The problem =
Below, some lines carry pictures; leave those pictures out and retype exactly the lines from the one with "Przed Kaplicą Matki Bożej Ostrobramskiej." through the one with "ستوكهولم/ متابعات: قال".

Exercise input =

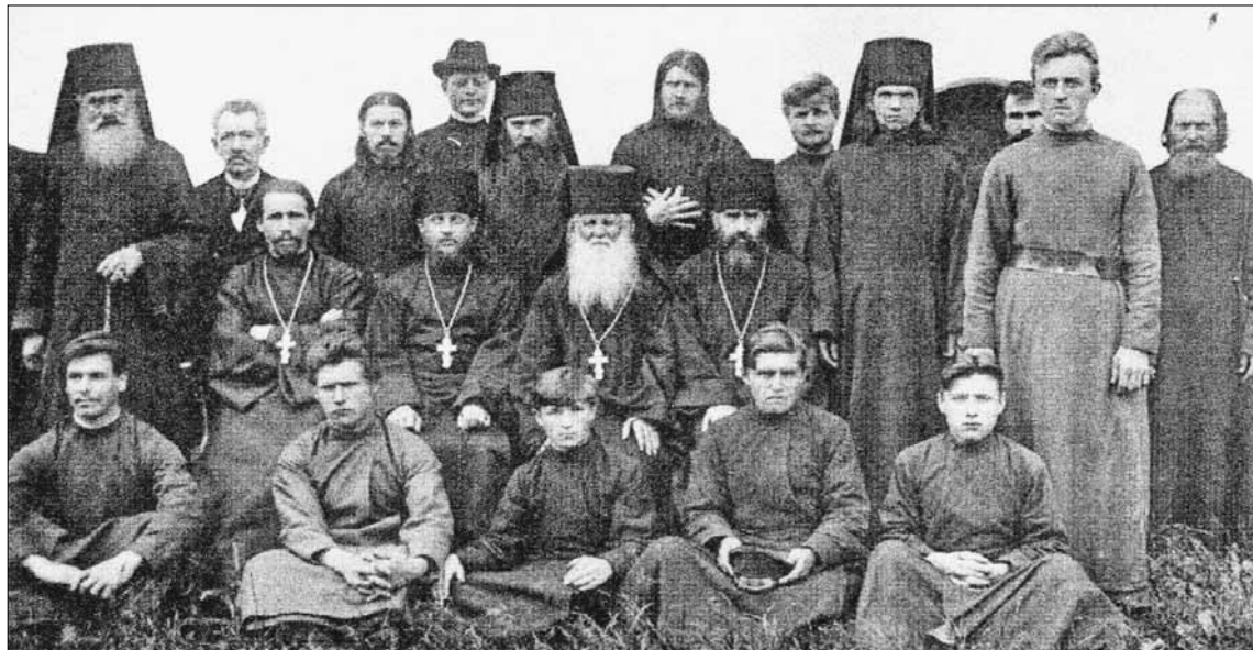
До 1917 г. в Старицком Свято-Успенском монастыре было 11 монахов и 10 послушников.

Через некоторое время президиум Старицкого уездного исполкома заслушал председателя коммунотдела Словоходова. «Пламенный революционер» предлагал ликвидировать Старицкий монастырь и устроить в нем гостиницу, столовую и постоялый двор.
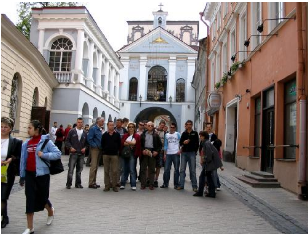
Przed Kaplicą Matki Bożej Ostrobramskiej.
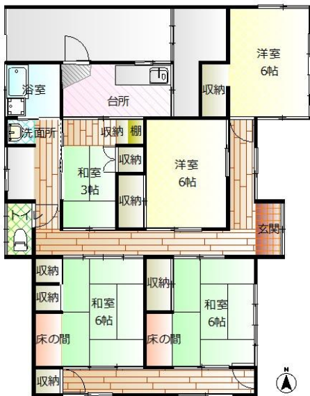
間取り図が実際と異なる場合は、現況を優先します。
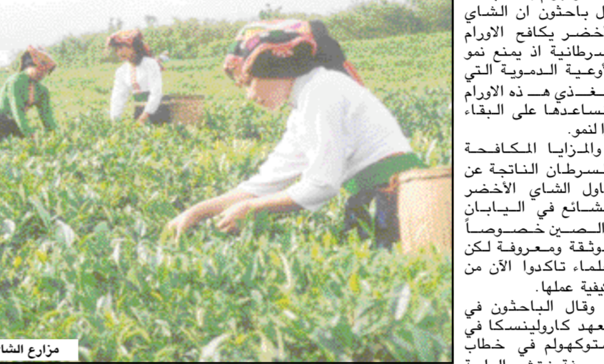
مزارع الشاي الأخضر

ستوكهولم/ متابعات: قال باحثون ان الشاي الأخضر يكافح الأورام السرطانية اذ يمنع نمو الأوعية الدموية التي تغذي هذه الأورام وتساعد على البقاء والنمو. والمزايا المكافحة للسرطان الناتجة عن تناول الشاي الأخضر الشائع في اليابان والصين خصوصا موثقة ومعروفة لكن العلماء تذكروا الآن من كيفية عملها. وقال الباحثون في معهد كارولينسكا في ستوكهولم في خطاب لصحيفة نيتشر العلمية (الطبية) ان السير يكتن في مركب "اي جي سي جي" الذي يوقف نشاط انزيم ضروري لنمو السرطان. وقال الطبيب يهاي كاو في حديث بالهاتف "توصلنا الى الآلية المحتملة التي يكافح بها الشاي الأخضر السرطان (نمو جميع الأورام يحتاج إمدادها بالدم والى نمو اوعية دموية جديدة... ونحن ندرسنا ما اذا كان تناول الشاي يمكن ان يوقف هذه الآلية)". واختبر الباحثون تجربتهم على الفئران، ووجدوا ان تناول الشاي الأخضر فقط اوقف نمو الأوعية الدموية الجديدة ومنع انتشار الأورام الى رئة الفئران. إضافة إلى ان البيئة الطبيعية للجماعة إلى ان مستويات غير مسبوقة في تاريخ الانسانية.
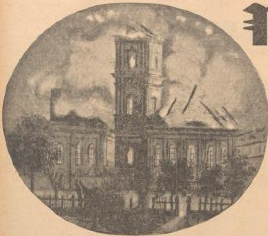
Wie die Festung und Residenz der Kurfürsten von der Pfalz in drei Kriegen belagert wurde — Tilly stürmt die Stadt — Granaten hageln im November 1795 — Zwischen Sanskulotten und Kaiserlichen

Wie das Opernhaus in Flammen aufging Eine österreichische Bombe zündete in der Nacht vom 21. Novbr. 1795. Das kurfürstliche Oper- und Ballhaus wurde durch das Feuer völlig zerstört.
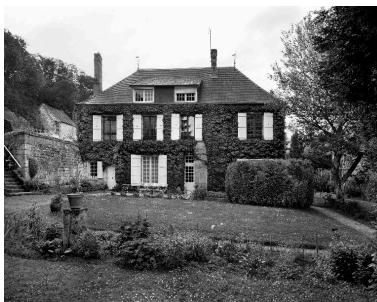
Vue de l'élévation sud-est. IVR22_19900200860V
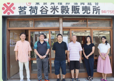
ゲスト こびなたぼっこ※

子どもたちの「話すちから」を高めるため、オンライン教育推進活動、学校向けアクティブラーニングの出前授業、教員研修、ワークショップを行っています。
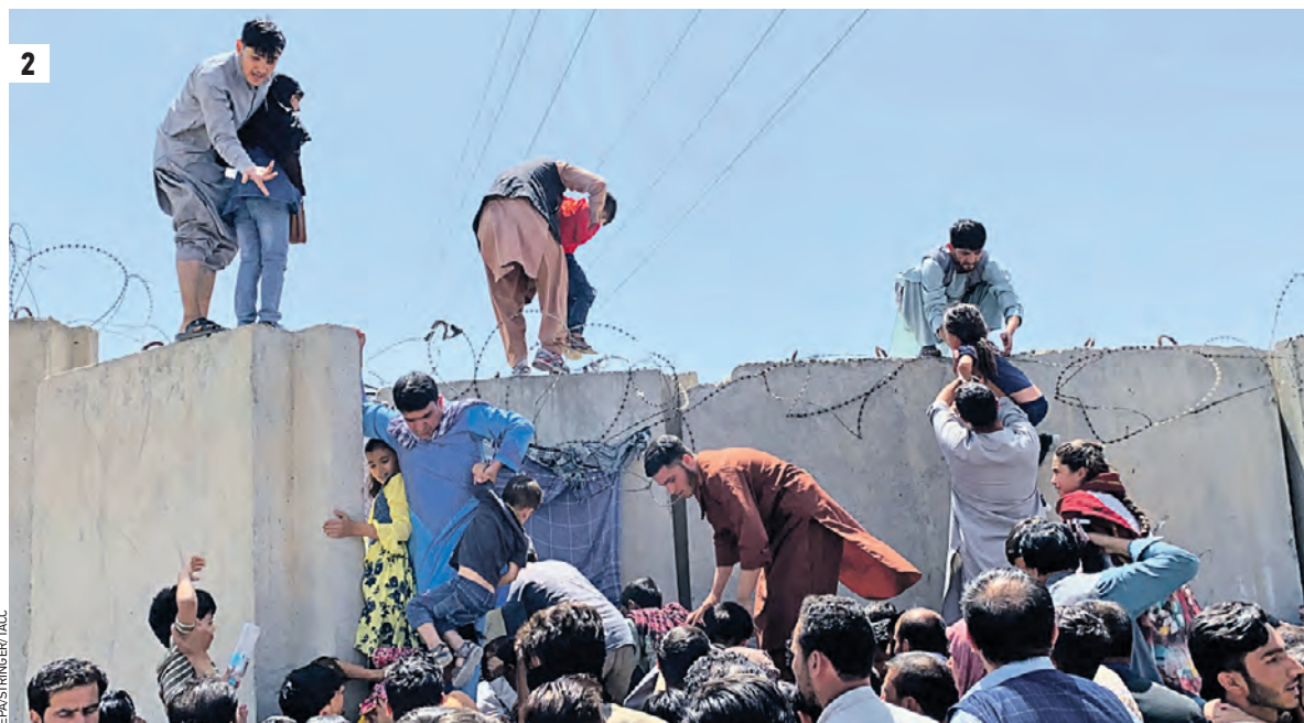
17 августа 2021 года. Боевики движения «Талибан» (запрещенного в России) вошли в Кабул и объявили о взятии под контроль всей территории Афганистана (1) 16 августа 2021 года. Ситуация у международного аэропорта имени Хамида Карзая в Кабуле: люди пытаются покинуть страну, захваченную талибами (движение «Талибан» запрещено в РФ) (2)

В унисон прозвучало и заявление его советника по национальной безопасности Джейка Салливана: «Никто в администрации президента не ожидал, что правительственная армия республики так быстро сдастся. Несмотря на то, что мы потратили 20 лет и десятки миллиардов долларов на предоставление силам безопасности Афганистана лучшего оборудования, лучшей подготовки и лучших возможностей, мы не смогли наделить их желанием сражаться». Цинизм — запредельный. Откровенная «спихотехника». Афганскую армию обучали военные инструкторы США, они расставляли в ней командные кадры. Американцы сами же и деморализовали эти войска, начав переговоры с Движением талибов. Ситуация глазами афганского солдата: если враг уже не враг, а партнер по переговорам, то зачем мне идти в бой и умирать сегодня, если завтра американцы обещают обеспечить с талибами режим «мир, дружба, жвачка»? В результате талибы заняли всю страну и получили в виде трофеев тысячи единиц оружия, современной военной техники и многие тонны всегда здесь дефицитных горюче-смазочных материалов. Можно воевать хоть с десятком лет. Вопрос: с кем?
...
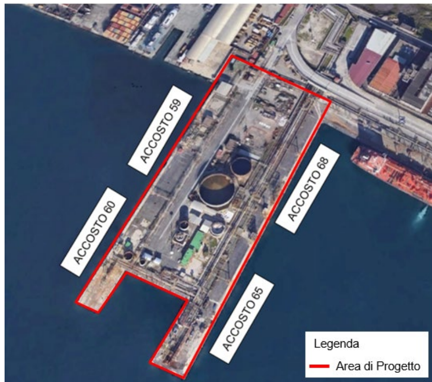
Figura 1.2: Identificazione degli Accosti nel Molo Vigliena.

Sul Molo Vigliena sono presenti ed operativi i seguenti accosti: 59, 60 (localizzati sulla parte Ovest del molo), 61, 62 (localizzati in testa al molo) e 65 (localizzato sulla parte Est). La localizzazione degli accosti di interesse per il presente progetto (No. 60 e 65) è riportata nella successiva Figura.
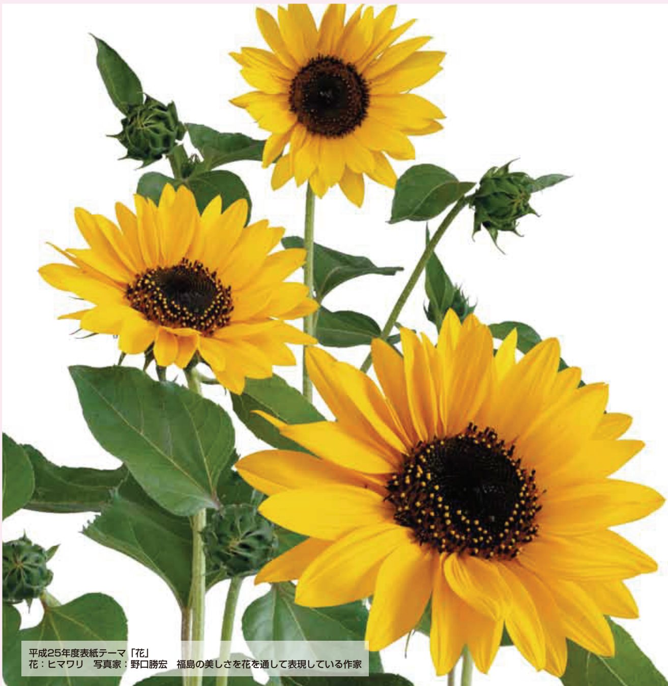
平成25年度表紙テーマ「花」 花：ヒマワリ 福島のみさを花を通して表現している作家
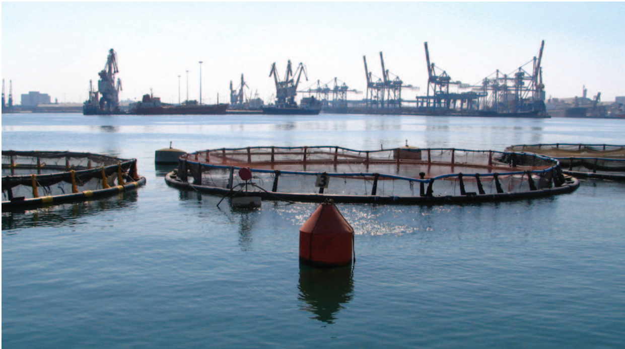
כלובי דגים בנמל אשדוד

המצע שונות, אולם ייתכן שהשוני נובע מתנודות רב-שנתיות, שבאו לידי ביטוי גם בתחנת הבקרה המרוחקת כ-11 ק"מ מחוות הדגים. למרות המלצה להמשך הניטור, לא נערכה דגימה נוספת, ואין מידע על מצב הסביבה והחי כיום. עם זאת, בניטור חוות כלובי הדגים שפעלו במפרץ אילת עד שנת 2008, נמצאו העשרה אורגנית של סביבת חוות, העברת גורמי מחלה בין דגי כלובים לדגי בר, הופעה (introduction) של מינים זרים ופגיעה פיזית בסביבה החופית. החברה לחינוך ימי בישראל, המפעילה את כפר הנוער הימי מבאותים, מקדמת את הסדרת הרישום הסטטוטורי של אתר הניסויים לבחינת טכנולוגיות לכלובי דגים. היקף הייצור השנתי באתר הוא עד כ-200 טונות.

Reply =
Przed Kaplicą Matki Bożej Ostrobramskiej.
間取り図が実際と異なる場合は、現況を優先します。
مزارع الشاي الأخضر

ستوكهولم/ متابعات: قال باحثون ان الشاي الأخضر يكافح الأورام السرطانية اذ يمنع نمو الأوعية الدموية التي تغذي هذه الأورام وتساعد على البقاء والنمو. والمزايا المكافحة للسرطان الناتجة عن تناول الشاي الأخضر الشائع في اليابان والصين خصوصا موثقة ومعروفة لكن العلماء تذكروا الآن من كيفية عملها. وقال الباحثون في معهد كارولينسكا في ستوكهولم في خطاب لصحيفة نيتشر العلمية (الطبية) ان السير يكتن في مركب "اي جي سي جي" الذي يوقف نشاط انزيم ضروري لنمو السرطان. وقال الطبيب يهاي كاو في حديث بالهاتف "توصلنا الى الآلية المحتملة التي يكافح بها الشاي الأخضر السرطان (نمو جميع الأورام يحتاج إمدادها بالدم والى نمو اوعية دموية جديدة... ونحن ندرسنا ما اذا كان تناول الشاي يمكن ان يوقف هذه الآلية)". واختبر الباحثون تجربتهم على الفئران، ووجدوا ان تناول الشاي الأخضر فقط اوقف نمو الأوعية الدموية الجديدة ومنع انتشار الأورام الى رئة الفئران. إضافة إلى ان البيئة الطبيعية للجماعة إلى ان مستويات غير مسبوقة في تاريخ الانسانية.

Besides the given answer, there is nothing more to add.